The Jonathan Abrams MD Art Gallery at the University of New Mexico Hospital has been exhibiting fine art since it was founded in 1991. Its current offering is the 20-artist “Exchange: Between You and Me” a high-quality exhibition that is teeming with renowned local artists.

The images range from abstractions to landscapes, still life and figurative subjects, with an overall attention to painstaking execution. Because of the number of artists, this review will only touch on several highlights.

Because of her luscious sense of color and elegant execution, Sally Condon is one of my perennial favorite painters. Condon offers “Say What,” an oil, wax and collage on panel that sings itself to sleep at night. For me, it reads like a lullaby with soft transitions between forms and pastel tones.

John Garrett is known for his free-hanging screens made from found and recycled materials. His work is carefully made and has been shown in museums and galleries for many years.

Even though it is a piece that falls outside his expected offerings, I love “Multitudes,” a stunning fabric, yarn and cord construction on panel. “Multitudes” embraces fiber art techniques with an intense black-and-white multilayered woven patterning that is just stunning to behold.

"Reaction" by Suzanne Marshall with a few hints from Joseph Cornell celebrates the often-troubled marriage between art and science triggered by Leonardo da Vinci 500 years ago.

“Reaction” by Suzanne Marshall with a few hints from Joseph Cornell celebrates the often-troubled marriage between art and science triggered by Leonardo da Vinci 500 years ago.

Hey, Joseph Cornell, it’s about time to step aside for a bit and let Suzanne Marshall take center stage with her art-in-a-box “Reaction” a very nicely constructed shadow box that is brimming with science, both pseudo and real, or as the big science community likes to put it, hard science.

Of-course Leonardo da Vinci saddled us with the often-troubled marriage between art and science 500 years ago but it is still just great fun nevertheless.

Marshall’s “Reaction” has the look of a natural history specimen drawer that collided with a chemistry lab on its way skyward after exploding due to a leaky Bunsen burner.

Even though Cornell’s stylistic shadow has been cast upon it, a tad farther stage left, Joe Marshall can be proud of the complexity, intensity and overall quality of her efforts.

“Reaction” is a very engaging opus that does not lean heavily on poetics. Oops, didn’t mean to speak ill of the dead. Sorry, Mr. Cornell.

Heidi Pollard has been back in Albuquerque for a long while after spending a number of years in and around New York City, where she participated in a series of exhibitions and installation projects. Her “Diamond Mind Highway” is a departure from her pre-East Coast abstract expressionist tendencies of 20 years ago.

“Diamond Mind Highway,” by Heidi Pollard, relies upon a geometric grid structure to contain her freestyle brushwork and brightly hued palette.

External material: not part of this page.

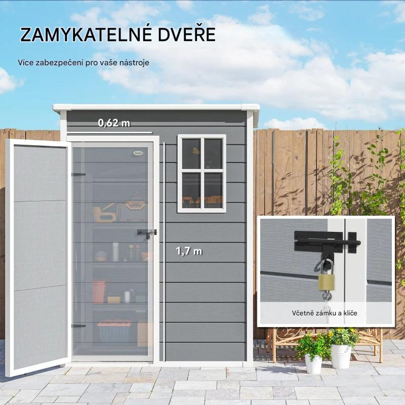 Zvyšte hodnotu své zahrady a vytvořte si prostor pomocí kůlny na nářadí. Chraňte cenné vybavení pod jeho vodotěsnou střechou. Díky oknu ve stylu domku můžete rychle najít věci a vidět dovnitř zvenčí. Uzamykatelné dveře zahradního domku chrání vaše nářadí před krádeží a zneužitím. Vysoký zahradní domek na nářadí nabízí dostatek prostoru pro lopaty, semena, zeminu a hrábě. Buďte aktivní, buďte produktivní.

“Diamond Mind Highway,” by Heidi Pollard, relies upon a geometric grid structure to contain her freestyle brushwork and brightly hued palette.

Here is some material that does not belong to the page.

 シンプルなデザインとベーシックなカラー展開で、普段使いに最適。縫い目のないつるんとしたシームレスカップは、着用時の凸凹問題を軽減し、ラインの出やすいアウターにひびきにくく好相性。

Though her freestyle brushwork is still alive and well, Pollard is geometrically structuring her composition with grid patterns sporting a large red diamond dominating the left central area. The diamond seems to dance across its surroundings.

Her predominantly bright color palette eschews Pollard’s early affinity for earth tones while lending an insouciant joy to the overall painting. I’m not sure whether Pollard is referencing baseball, a girls’ best friend or something far more esoteric, but the overall message is positive and upbeat.

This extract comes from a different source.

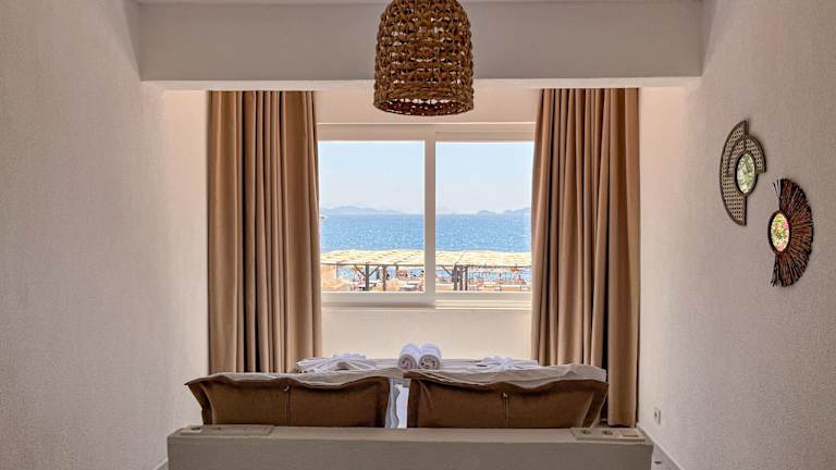 Die Gästezimmer im Thanos Hotel sind mit einem Flachbild-TV, kostenlosem WLAN sowie einem eigenen Badezimmer mit Dusche und kostenlosen Pflegeprodukten ausgestattet. Einige Zimmer bieten Meerblick. Zur Ausstattung zählen außerdem Bettwäsche, Handtücher und Klimaanlage.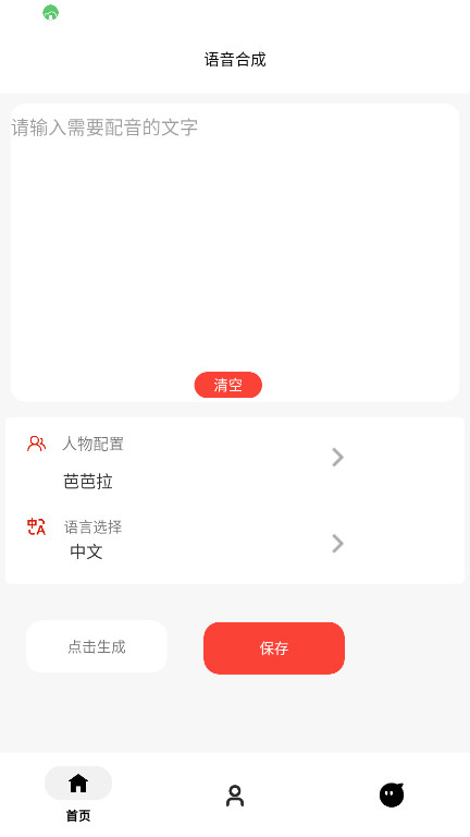 1.打开角色语音合成app,请先输入需要配音的文字。

Rachel Popowcer is an accomplished mixed-media painter who worked out a personal style through the use of a wood-burner and the color red that continues to deliver jaw-dropping works that jump off the wall. Her “Wraith” is yet another example of Popowcer’s skills and abilities. Her work makes you glad you came to the show.

There are tons more truly interesting works in this installation that should place this exhibition on your short must-see list.